Arasanagaripattinam  is a village in the  
Avadaiyarkoilrevenue block of Pudukkottai district, Tamil Nadu, India.

Demographics 

As per the 2001 census, Arasanagaripattinam had a total population of 
8174 with 3969 males and 4205 females. Out of the total population  5503 people were literate.

Arasanagaripattinam: For a Chola king, the place where the Special Action Soldiers stayed to intimidate the short-lived monarch who refused to pay the bribe, Arasan Adi means the king's soldiers.  Maruvi became known as 'Arasanari' today as 'Arasanari' in the course of 'Arasan Adi'.

 Pondicherry is a planned state in India.  Pudukottai in the districts.  The village of "Arasanagaripattinam" is proud to be the first and most ancient village among the villages built and built on the same model.

 Every street is a street with no curves at even intervals.  You can see the sea at any street corner.  This is a unique feature not found in any of the other villages along the East Coast.

 The pond called 'Bediya Dhammam' is one of the wonders of the royal city.  Like the valley, the pool was created exclusively for women to bathe secretly.  It is true to be astonished when we see that our rule in the protection of women was precision.

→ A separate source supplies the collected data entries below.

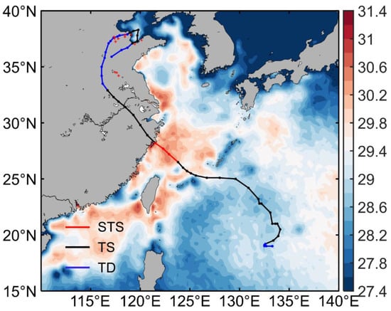 The oceans, as the fundamental factor determining the TCs’ intensification, provide the necessary energy and moisture for the deep convection and maintenance of TCs [10,11]. Previous studies have indicated that a SST in the range of 26~30 °C is conducive for the intensification of TCs, while the SST out of this range tends to slow down the TCs’ development [1,12]. Meanwhile, the presence of TCs, in turn, can influence the SST. The intense wind stress of TCs can spontaneously drive a cyclonic current pattern in the upper layer of the ocean, leading to the surface divergence and consequent upwelling of sea water, according to the Ekman pumping theory. Consequently, the colder deep water is pumped up to the sea surface, while the surrounding warmer water is sunk into the deeper ocean. Additionally, wind stress enhances the turbulent motion in the ocean, promoting a strong mixing of the surface and sub-surface waters. Under these influences, SST tends to decrease while the sub-surface temperature increases. As a result, the cooler SST inhibits the energy and moisture transported from the ocean towards atmosphere, which may suppress the TCs’ development and change the TCs’ path [13,14,15,16,17]. Besides warm SST, the oceanic mixed layer depth to 60 m is another overwhelming factor influencing the TCs [18,19], the thicker mixed layer promotes larger ocean heat content, which favors the energy and moisture transports from the ocean to the atmosphere, and thus leading to more intensified TCs [20].
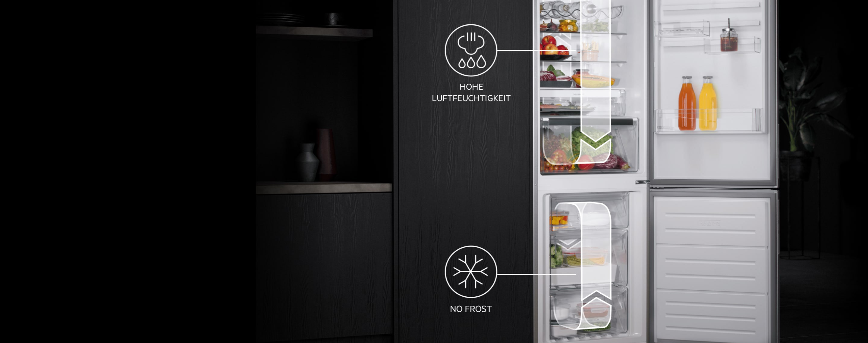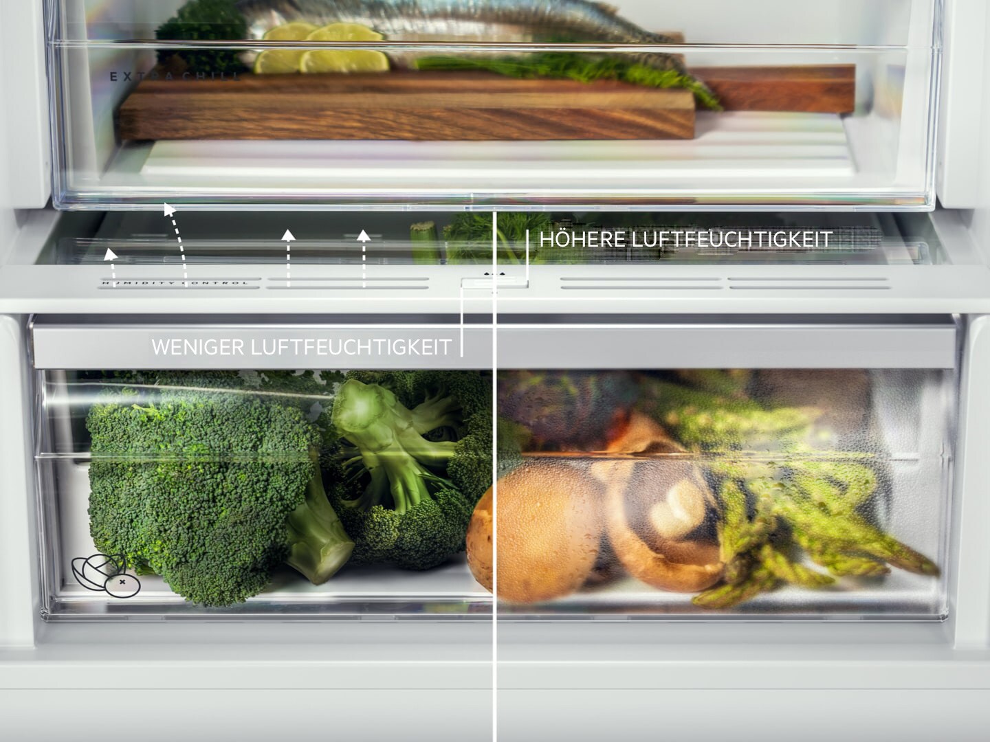Unsere optimierten Kühl-Gefrierkombinationen schützen jetzt alles, was dir wichtig ist: deine Lebensmittel, deine Gesundheit und den Planeten. Drei Faktoren kümmern sich um den Schutz der Lebensmittelqualität: Stabile Temperatur, angemessene Luftfeuchtigkeit und eine versiegelte Umgebung.
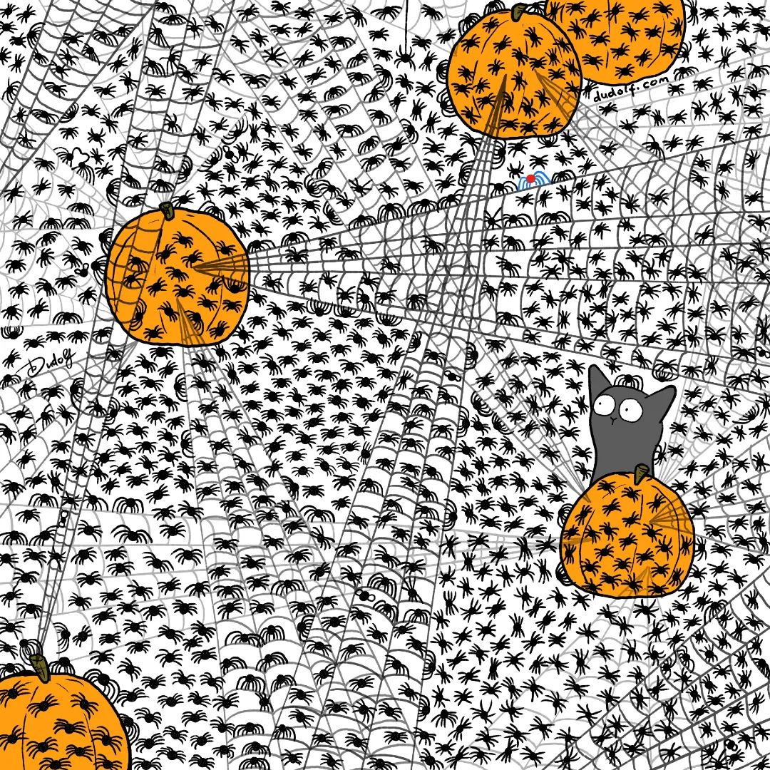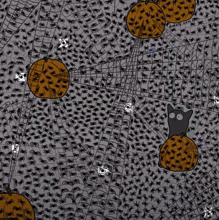 Skúste vyriešiť hádanku, ktorá sa stala na internete neuveriteľne populárnou – na obrázku s tekvicami a množstvom pavúkov musíte rýchlo nájsť muchy.
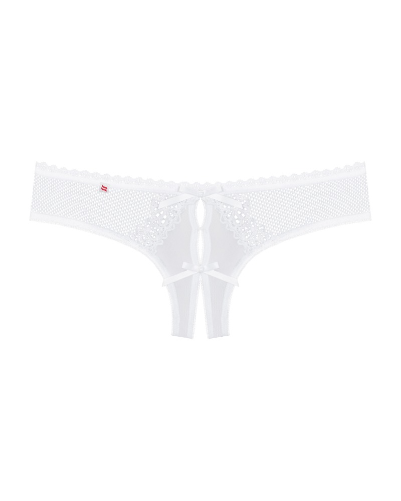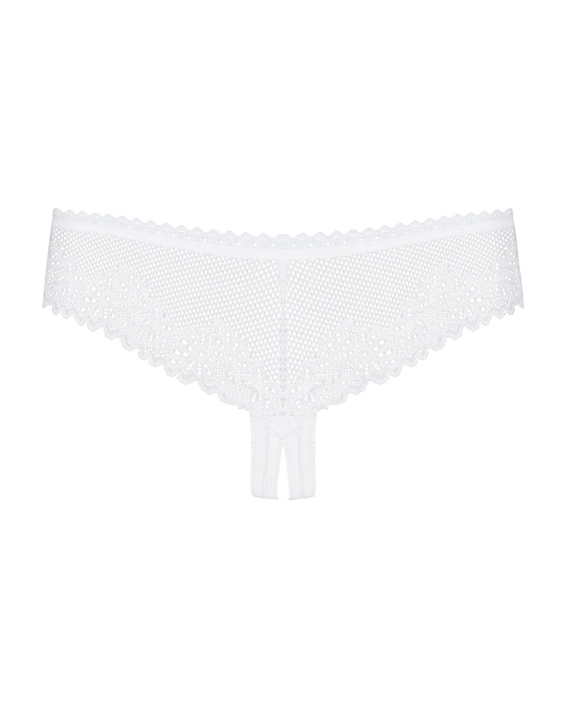 Witte transparante kruisloze string Alabastra van Obsessive gemaakt van delicate tule, fijn gaas en lieflijk kant. Zacht en elastisch rondom voor volledig comfort. Open kruis aan de voorkant versierd met satijnen strikjes.
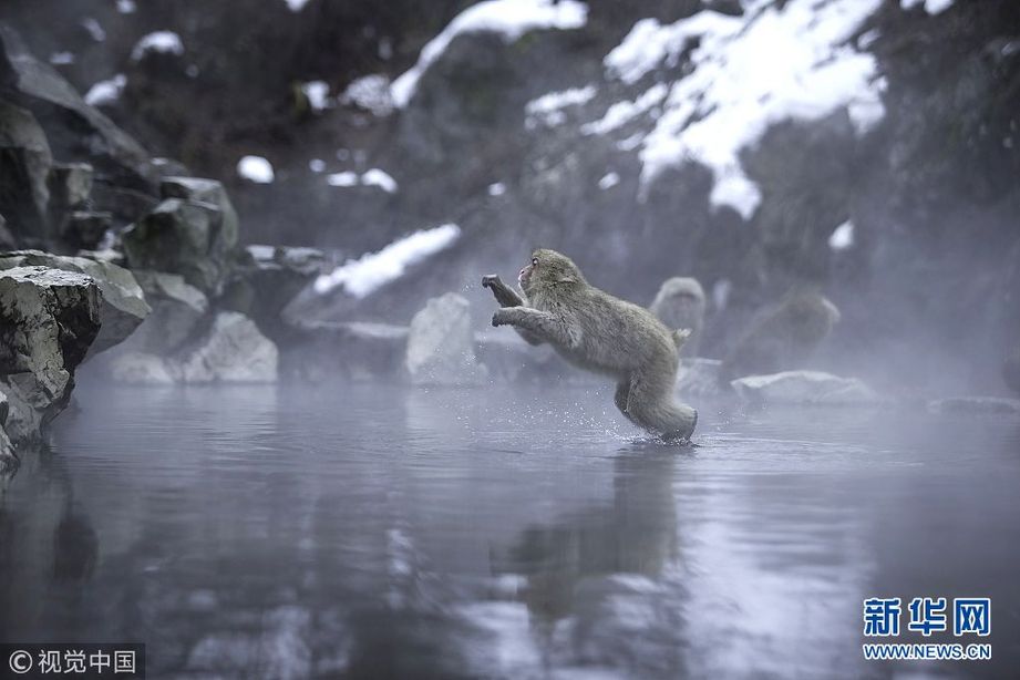 2018年2月18日訊(具體拍攝時(shí)間不詳),日本長(zhǎng)野縣地獄谷,活潑的猴子在溫泉中跳進(jìn)跳出,嬉戲休息。地獄谷野猿公苑地處長(zhǎng)野縣的志賀高原,由于這里的噴泉不斷地從地殼里噴射出蒸汽,故被稱(chēng)為“地獄谷”。冬季,這里最低氣溫低于零下10℃,屬于極寒地帶。(圖片來(lái)源:視覺(jué)中國(guó))
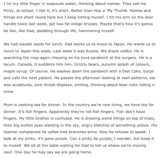 It’s easy to see how this story could spin out into everything else. I think that’s what I like most about flash fiction, the suggestion that there is more — a connecting cosmos of people, feeling and moment. Here we are helped with the idea of travel and sense of not having a home — a doctor with desires to always move on whose child always gets bruised.
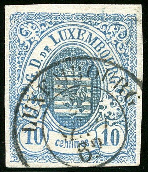 BUREAU DE LUXEMBOURG-VILLE Mi.6, 10 centimes 'bleu-noir', oblitération Luxembourg avec cachet à date, TB Mi.6, 10 cts 'schwarzblau', entwertet mit DKr. von Luxemburg-Stadt, tadellose Erhaltung.

 In the royal city, the waves of the sea, the noise of the arbor, the depths of fear.  That is why the woman is described as the sea.  There has been a controversy since the Sangam period over whether the sea is bigger or Barry's mercy is bigger.  Nowhere else can you look clean to enjoy the long stretch of sea.  The difference here, as in other fishing villages, is the unwritten law that keyboards are not allowed.  Many villages have lost their identity and are one of the key boats for cultural degradation.  That's why these people are so sure that keyboards are not allowed to this day.

 As far as this village is concerned, there are many people who have contributed to the conservation.  There are those who have shouldered the security of the town.  I still remember so many people with gratitude.